## DESCRIPTION OF THE TASK
Go through the entries below line by line and tally those holding "Hospitali"; write only the tally.

Items from a data source:
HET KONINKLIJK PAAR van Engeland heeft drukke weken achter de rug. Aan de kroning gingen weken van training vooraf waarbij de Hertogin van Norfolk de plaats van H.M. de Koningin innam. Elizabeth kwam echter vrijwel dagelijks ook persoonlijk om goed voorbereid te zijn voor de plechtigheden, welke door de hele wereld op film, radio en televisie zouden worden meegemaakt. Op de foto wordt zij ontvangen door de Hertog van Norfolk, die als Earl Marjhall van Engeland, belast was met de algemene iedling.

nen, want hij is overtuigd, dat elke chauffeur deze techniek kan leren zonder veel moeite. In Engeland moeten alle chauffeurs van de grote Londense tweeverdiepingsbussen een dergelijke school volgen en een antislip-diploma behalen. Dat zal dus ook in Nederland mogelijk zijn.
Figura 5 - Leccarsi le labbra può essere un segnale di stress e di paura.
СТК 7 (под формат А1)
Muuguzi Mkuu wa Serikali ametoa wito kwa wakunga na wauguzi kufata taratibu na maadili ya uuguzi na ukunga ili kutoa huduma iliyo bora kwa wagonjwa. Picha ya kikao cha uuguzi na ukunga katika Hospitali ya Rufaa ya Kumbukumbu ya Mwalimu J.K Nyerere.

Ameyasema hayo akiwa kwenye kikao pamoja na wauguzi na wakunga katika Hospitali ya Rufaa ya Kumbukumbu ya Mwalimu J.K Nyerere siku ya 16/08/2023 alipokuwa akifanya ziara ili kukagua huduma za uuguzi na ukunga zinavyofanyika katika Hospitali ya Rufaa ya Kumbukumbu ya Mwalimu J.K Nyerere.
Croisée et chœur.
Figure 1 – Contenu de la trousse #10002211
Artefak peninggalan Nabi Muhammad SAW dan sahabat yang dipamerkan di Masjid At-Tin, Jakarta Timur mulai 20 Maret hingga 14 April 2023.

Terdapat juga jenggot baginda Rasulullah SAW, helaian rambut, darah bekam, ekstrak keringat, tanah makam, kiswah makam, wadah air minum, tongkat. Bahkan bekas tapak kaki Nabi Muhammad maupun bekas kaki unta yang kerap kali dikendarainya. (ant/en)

* * *

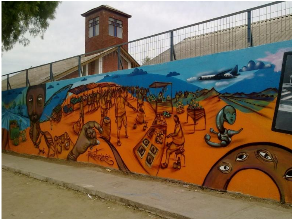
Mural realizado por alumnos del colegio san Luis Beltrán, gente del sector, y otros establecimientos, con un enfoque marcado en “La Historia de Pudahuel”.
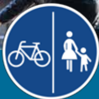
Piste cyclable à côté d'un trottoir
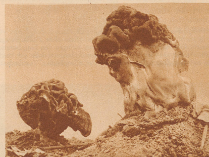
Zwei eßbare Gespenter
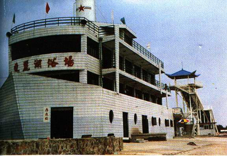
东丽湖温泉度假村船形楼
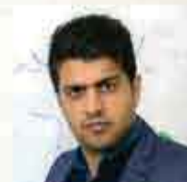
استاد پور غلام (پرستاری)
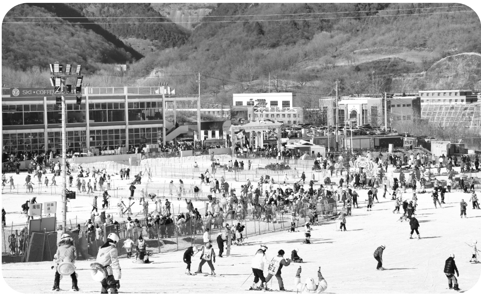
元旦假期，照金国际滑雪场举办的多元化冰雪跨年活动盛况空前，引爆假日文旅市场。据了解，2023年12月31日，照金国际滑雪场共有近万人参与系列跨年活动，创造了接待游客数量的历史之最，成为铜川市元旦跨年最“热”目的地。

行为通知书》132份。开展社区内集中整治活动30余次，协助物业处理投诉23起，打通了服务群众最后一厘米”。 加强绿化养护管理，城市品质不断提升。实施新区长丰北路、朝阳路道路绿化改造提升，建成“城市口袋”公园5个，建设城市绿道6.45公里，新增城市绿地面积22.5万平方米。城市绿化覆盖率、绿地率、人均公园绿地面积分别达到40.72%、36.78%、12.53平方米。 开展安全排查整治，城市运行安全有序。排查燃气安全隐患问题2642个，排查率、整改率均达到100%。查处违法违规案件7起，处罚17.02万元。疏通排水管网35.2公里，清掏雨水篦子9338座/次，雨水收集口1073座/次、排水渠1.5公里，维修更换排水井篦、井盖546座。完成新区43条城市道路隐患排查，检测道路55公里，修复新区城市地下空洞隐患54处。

## RESPONSE AREA
2